„To zwykła ludzka złośliwość". Spór o parking przy cmentarzu

07.04.2021   Autor: Jakub Sierakowski
731---
Spór o miejsca parkingowe w Złotowie. „To zwykła ludzka złośliwość" - mówi właścicielka przycmentarnego sklepu, skarżąc się na zachowanie straży miejskiej. Ta odpowiada, że nie ma sobie nic do zarzucenia i że chodzi tutaj o konflikt interesów z drugim przedsiębiorcą. Kto ma rację?
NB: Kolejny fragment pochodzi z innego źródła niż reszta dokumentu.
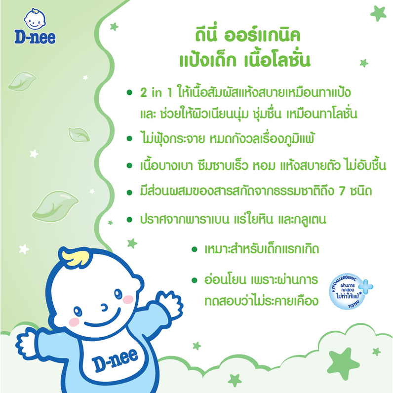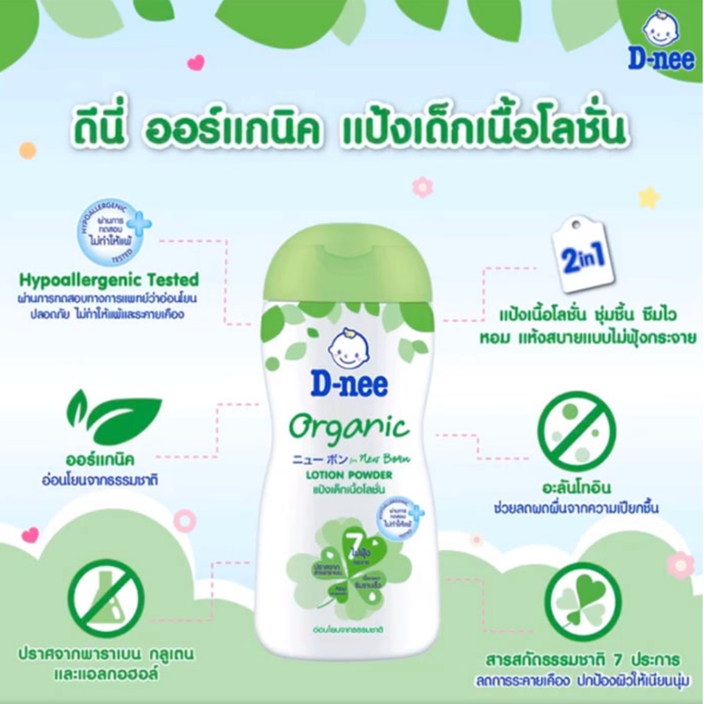 D-nee Organic ดีนี่ เพียว แป้งเด็กเนื้อโลชั่น ออร์แกนิค (180 มล.)

Na pierwszy rzut oka to zwykłe miejsca parkingowe przy sklepie nieopodal cmentarza. Jak się jednak okazuje, spór wokół nich nie ma nic wspólnego ze spokojną i nostalgiczną atmosferą nekropolii. -Zaczęło się od tego, że stawiam auto podjeżdżając do pracy, pod sklepem - tłumaczy właścicielka sklepu przy cmentarzu Magdalena Jagodzińska

Według pani Magdaleny, straż miejska w Złotowie robi jej problemy w związku z parkowaniem samochodów przy sklepie. I to pomimo braku znaku zakazu, a w planie zagospodarowania tego terenu są tam właśnie miejsca parkingowe.  Straż miejska zgłasza uwagi nie tylko jej - problemem mają być także jej dostawcy. -To jest niby miejsce dla moich dostawców, ale chyba to ja wiem kiedy dostawcy przyjeżdżają, z której strony i gdzie zostawić dla nich miejsce. Na koniec rozmowy okazało się, że po prostu zasłaniam innemu handlującemu towar i blokuję dojście do jego straganu. Jak widać auto stoi, nikogo nie blokuję, konkurencji nie ma… - dodaje właścicielka. 
 
To właśnie konkurencja, według straży miejskiej, to w tej sprawie słowo klucz. -Moim zdaniem osią sporu jest konkurencja - nie kryje komendant Straży Miejskiej w Złotowie Ryszard Macanko. Straż w tym sporze ustawia się w roli mediatora. Zdaniem funkcjonariuszy,  chodzi tutaj o konflikt pomiędzy panią Magdaleną, a innym sprzedawcą, który stawia swój stragan właśnie na tym newralgicznym miejscu. To obywatel Ukrainy, według którego pani Magdalena przeszkadza mu w prowadzeniu działalności. Dlatego zgłasza to straży miejskiej. -Ja wykonywałem swoją pracę. Uważam, że praca nie jest łatwa, bo trudno znaleźć rozwiązanie, które zadowalałoby obie strony. Rozwiązanie, które zaproponowaliśmy i które weszło w życie trwało dwa lata i był spokój, nie było żadnych kłótni, żadnych problemów - dodaje komendant. 
 
To rozwiązanie, według Ryszarda Macanko miało polegać na tym, że sprzedawcy nie wchodzili  sobie w drogę. To się jednak jakiś czas temu miało zmienić. W sprawie pojawił się także kolejny wątek - pani Magdalena złożyła skargę na komendanta straży miejskiej do Urzędu Miasta Złotowa. Chodzi o kłótnię o miejsca parkingowe, która miała miejsce w sklepie - Ryszard Macanko, według właścicielki, miał zachowywać się nieodpowiednio. Komendant odpowiada, że rzeczywiście podniósł głos, ale tak samo zrobiła jego rozmówczyni. Sprawę rozstrzygnie miejska komisja skarg, wniosków i petycji.